In 2002, Clayson became a correspondent for CBS News. She regularly reported for Eye on America segments and contributed to both 48 Hours and CBS Evening News, substituting as anchor on the CBS Evening News with Dan Rather, CBS Evening News weekend editions and was a contributor to 48 Hours.

== WBUR in Boston, and NPR ==
From 2006 to 2020, Clayson was the primary fill-in on the public radio program On Point, produced by WBUR in Boston and syndicated by NPR, when the regular hosts were absent. In 2020, she began hosting Here & Now, also produced at WBUR and syndicated by NPR. She hosted WBUR's Radio Boston for two years. She has produced specials for the Discovery Channel. She also hosted BYUtv's coverage of the funeral for Gordon B. Hinckley, president of the Church of Jesus Christ of Latter-day Saints (LDS Church), on February 2, 2008.

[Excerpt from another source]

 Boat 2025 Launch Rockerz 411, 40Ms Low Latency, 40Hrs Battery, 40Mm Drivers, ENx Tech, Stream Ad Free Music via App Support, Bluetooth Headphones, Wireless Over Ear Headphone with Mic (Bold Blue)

Over the course of her career, Clayson has interviewed U.S. Presidents and First Ladies, an array of other American political leaders, as well as other heads of state, authors, scientists, numerous celebrities from Hollywood and the Broadway stage, and she grilled Martha Stewart shortly prior to her indictment, conviction, and imprisonment for securities fraud. She has presented awards at events such as the Academy of Country Music Awards in Los Angeles and at the Grand Ole Opry in Nashville. In 2000, she appeared on The Late Show with David Letterman.

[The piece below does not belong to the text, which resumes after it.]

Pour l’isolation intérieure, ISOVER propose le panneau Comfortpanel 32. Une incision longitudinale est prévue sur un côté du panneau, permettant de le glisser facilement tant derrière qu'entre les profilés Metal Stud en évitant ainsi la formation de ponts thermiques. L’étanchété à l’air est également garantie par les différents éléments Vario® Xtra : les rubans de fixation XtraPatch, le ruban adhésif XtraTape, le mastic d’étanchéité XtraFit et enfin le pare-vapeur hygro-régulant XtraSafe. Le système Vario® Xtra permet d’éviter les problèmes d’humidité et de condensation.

Clayson has received numerous journalism awards, including The Edward R. Murrow Award from the Radio and Television News Directors Association of America, an Emmy Award, and several Society of Professional Journalists Awards. She is a sought-after speaker and host of special media events as diverse as 9/11 Coming Together, a 20th anniversary commemoration of the terrorist attacks of September 11, 2001, and the Children's Miracle Network national telethon.

== Personal life ==
In September 2003, Clayson married Mark W. Johnson, a graduate of the U.S. Naval Academy, Columbia University (with a master's degree in civil engineering and engineering mechanics) and Harvard Business School. He is cofounder with Clayton M. Christensen of management consulting firm, Innosight. The couple were first introduced to each other by Clayson's sister, Hannah Clayson Smith. Mark Johnson had joined the LDS Church, of which Clayson was already a member, not long before they first met. Clayson left CBS three months later (December 2003) to join her husband in Boston.

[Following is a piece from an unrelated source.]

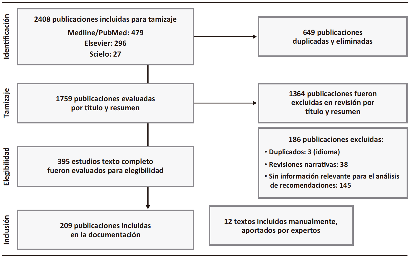 Posteriormente, a solicitud de los expertos, se amplió la búsqueda hasta diciembre 2021 y se revisó también la base de datos Scielo en búsqueda de textos específicos de la región. A solicitud de revisores externos se agregaron manualmente referencias de 2022 aportadas por expertos y revisores para aportar más datos de la región (Figura 1).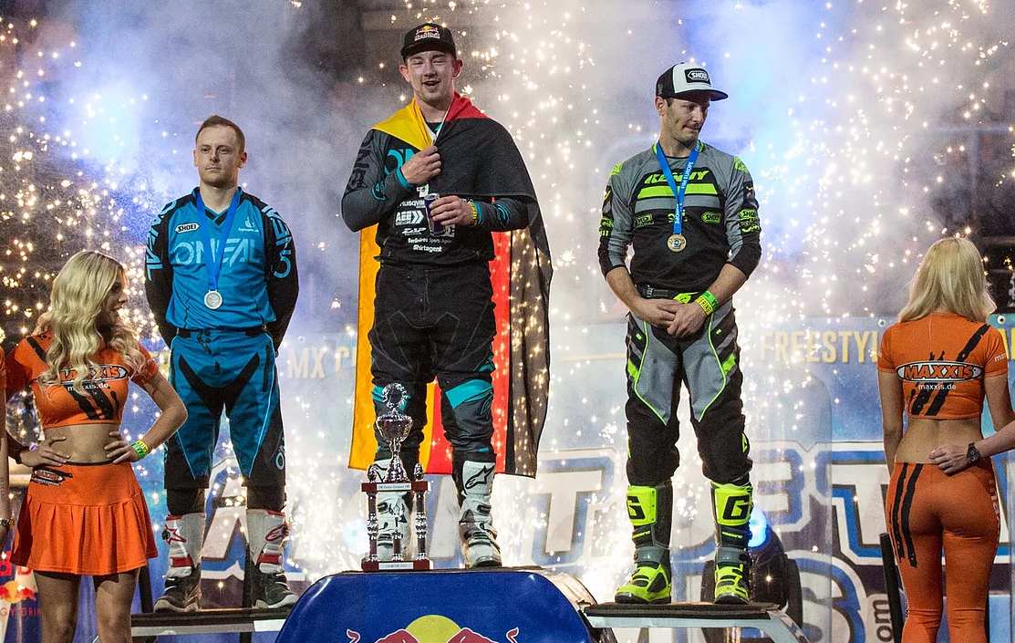 Podium : Maikel Melero - Yamaha, Luc Ackermann - HVA et Rémi Bizouard - Kawasaki (photo Night of the Jumps)

The couple have two children, and have also raised three children from his previous marriage.

== Books ==
Clayson's first book, I Am a Mother, was released in March 2007 and chronicles her decision to leave the network news business to have a family. Her second book, Silent Souls Weeping, released in 2019, is a candid look at clinical depression, featuring dozens of first-person stories about the experience and impact of mental illness. Clayson regularly speaks to audiences around the country about mental health awareness. Silent Souls Weeping received the 2019 Literary Award from LDS Publishing and Media--Best Self-Help/Resource.